**Provided data:**
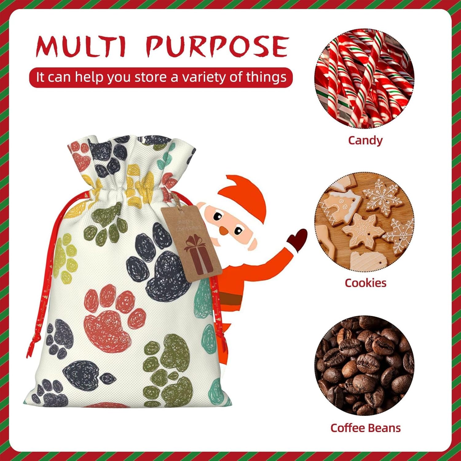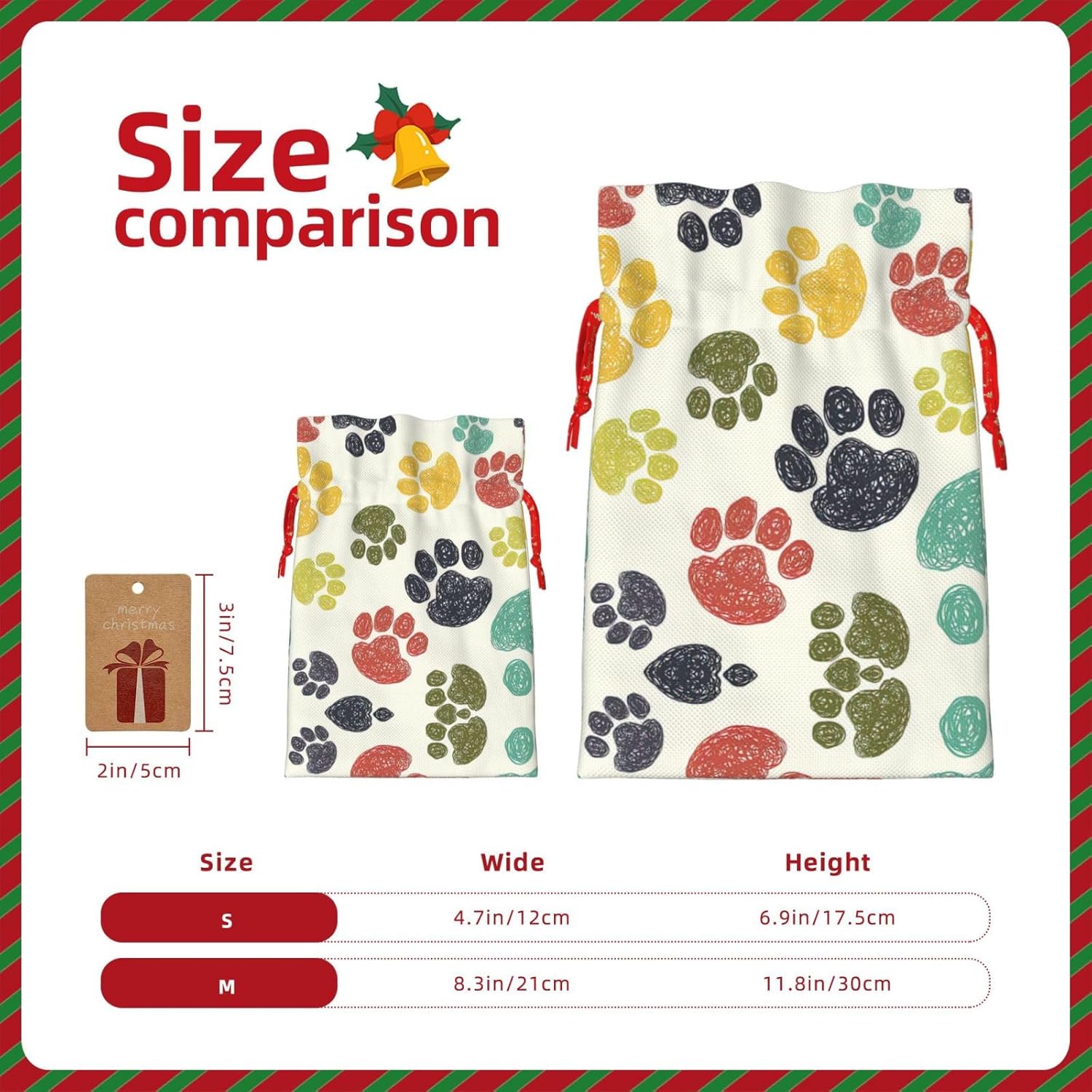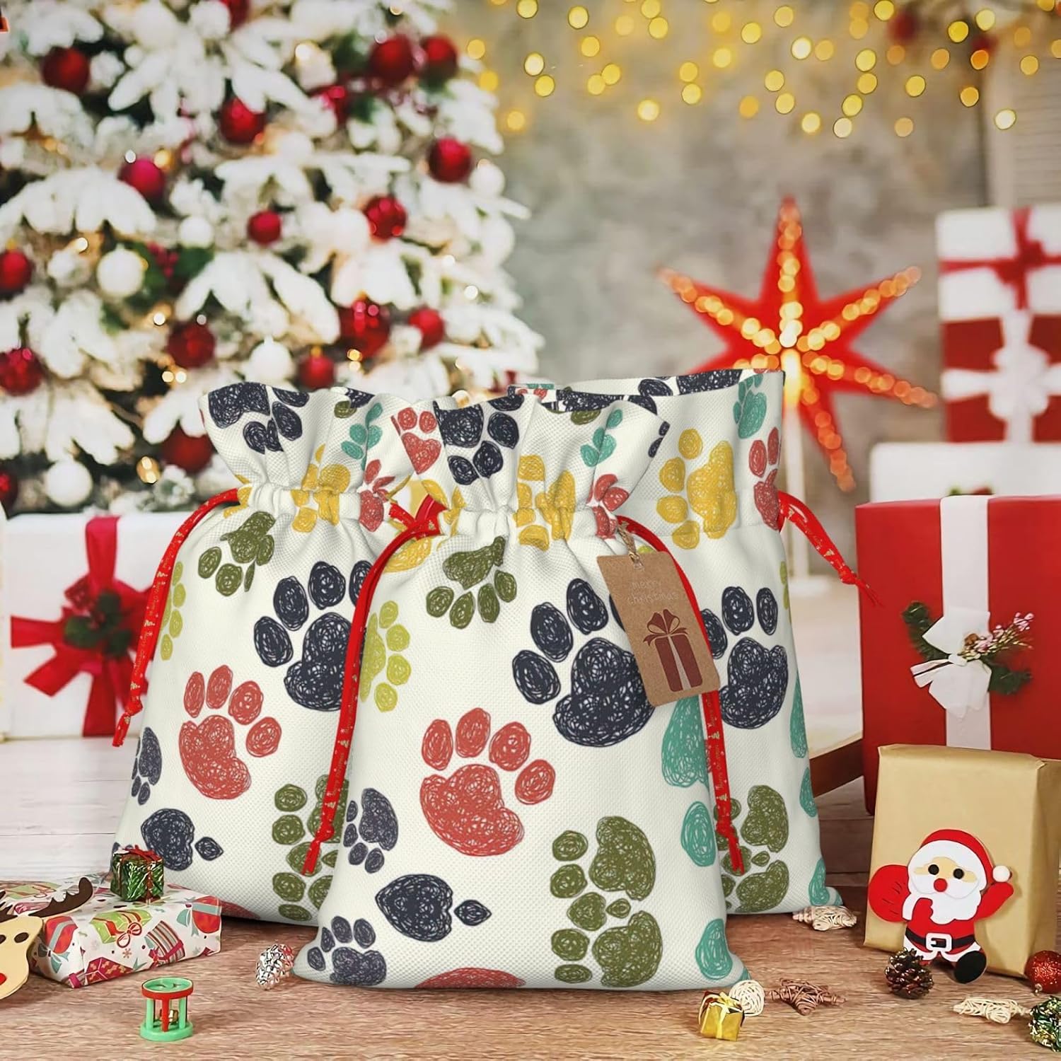 BORSE REGALO DI ALTO VALORE: la graziosa borsa colorata per zampe di cane è dotata di sacchetti regalo con cordoncini colorati ed etichette. I sacchetti regalo sono aggiornati con un design con chiusura a coulisse, sacchetti regalo realizzati in poliestere, resistenti e riutilizzabili. Non si strappano come la carta, ottimi per incartare i regali. 10 secondi per incartare un regalo: il simpatico sacchetto colorato a forma di zampa di cane per confezionare facilmente i regali, è facile da usare, basta inserire il regalo nei sacchetti, far scorrere l'etichetta regalo attraverso il nastro, tirare il nastro, annodare un fiocco e il gioco è fatto. Puoi evitare il fastidio associato a carta da imballaggio, forbici, nastro adesivo e nastro, risparmiare tempo e molto conveniente. Dimensioni del sacchetto regalo: i sacchetti regalo in 2 dimensioni possono soddisfare le preferenze di diverse persone e sono sufficienti per l'uso quotidiano e la festa di Natale. La S misura 12 x 17,5 cm e la M misura 12 x 30 cm. Sacchetti regalo in formati assortiti sfusi, perfetti per confezionare regali di diverse dimensioni. REGALO IDEALE: questi adorabili e colorati sacchetti regalo con zampe di cane possono essere riutilizzati molte volte. Un set di sacchetti regalo riutilizzabili sarà un'aggiunta meravigliosa a qualsiasi regalo e migliorerà l'esperienza complessiva del regalo. Inoltre, abbiamo rinforzato il fondo per una maggiore stabilità e una struttura robusta con carichi pesanti. Non facile da rompere per un uso durevole e duraturo. Sacchetti regalo multifunzionali: questi sacchetti colorati per zampe di cane possono essere utilizzati per conservare regali di Natale, giocattoli, bambole, cappelli di Natale, caramelle e regali durante una festa di Natale. Conservare i regali in questa borsa darà ai bambini più sorprese perché non sanno cosa c'è dentro.
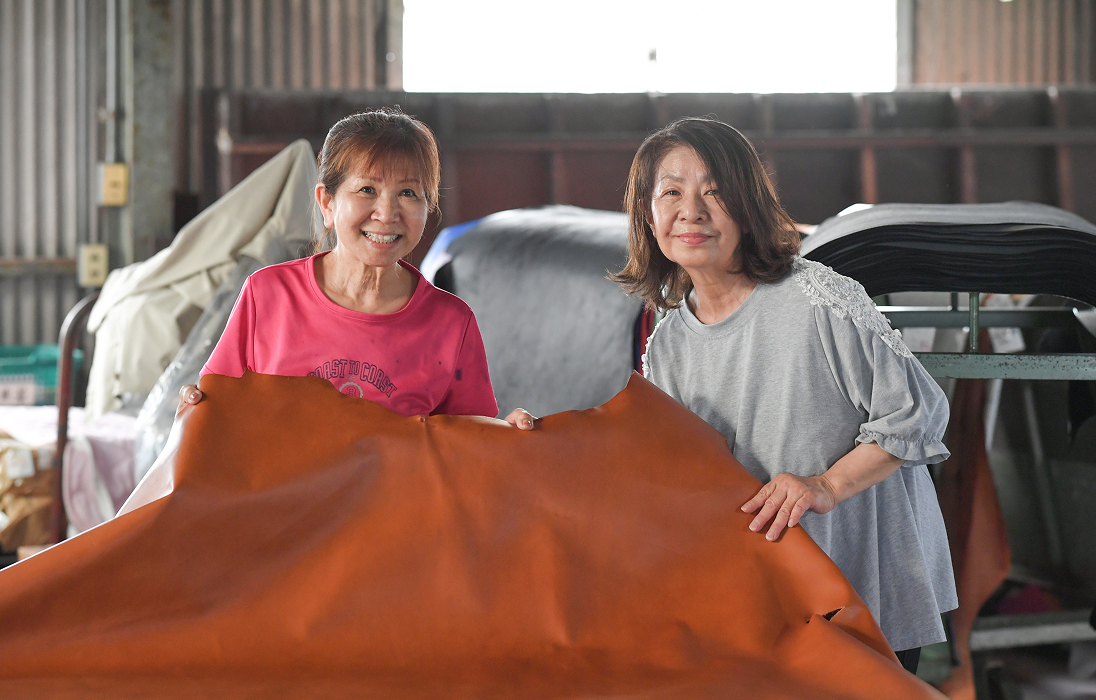 寺一皮革の井料加保里さん(左)と代表の寺内真寿美さん(右)。
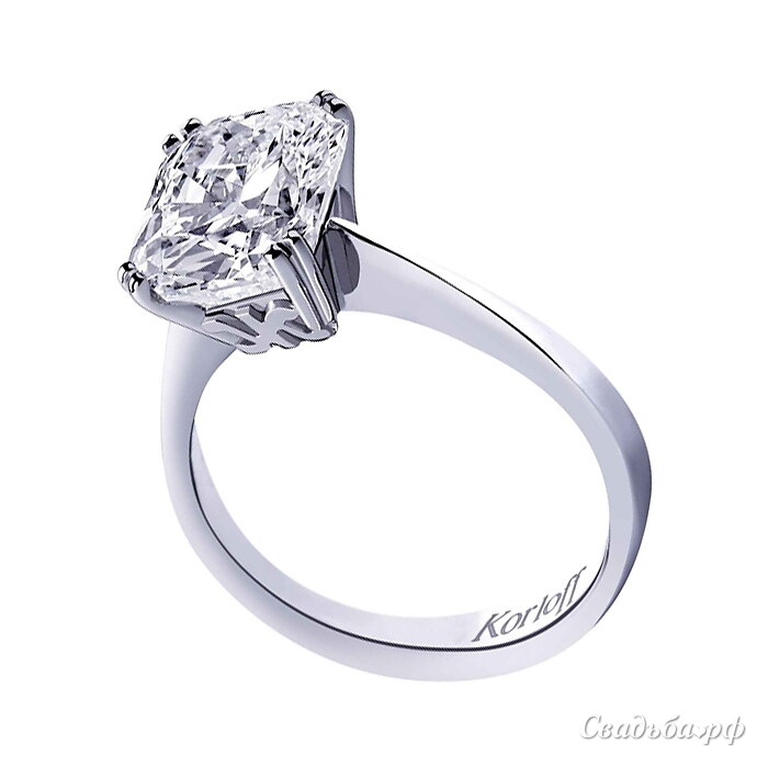 Великолепное обручальное кольцо из белого золота с одним крупным бриллиантом и логотипом Korloff на боковой грани. Бриллиант фирменной огранки Korloff Cut с 65 гранями, вместо обычных 57. Благодаря такой технике камень визуально выглядит крупнее и светится изнутри. Стоимость зависит от размера кольца, а также огранки и веса камня.

**What needs to be done:** With the pictures left out, give again exactly the lines from the one with "寺一皮革の井料加保里さん(左)と代表の寺内真寿美さん(右)。" through the end of the data, both included.

**Answer box:**
 寺一皮革の井料加保里さん(左)と代表の寺内真寿美さん(右)。
 Великолепное обручальное кольцо из белого золота с одним крупным бриллиантом и логотипом Korloff на боковой грани. Бриллиант фирменной огранки Korloff Cut с 65 гранями, вместо обычных 57. Благодаря такой технике камень визуально выглядит крупнее и светится изнутри. Стоимость зависит от размера кольца, а также огранки и веса камня.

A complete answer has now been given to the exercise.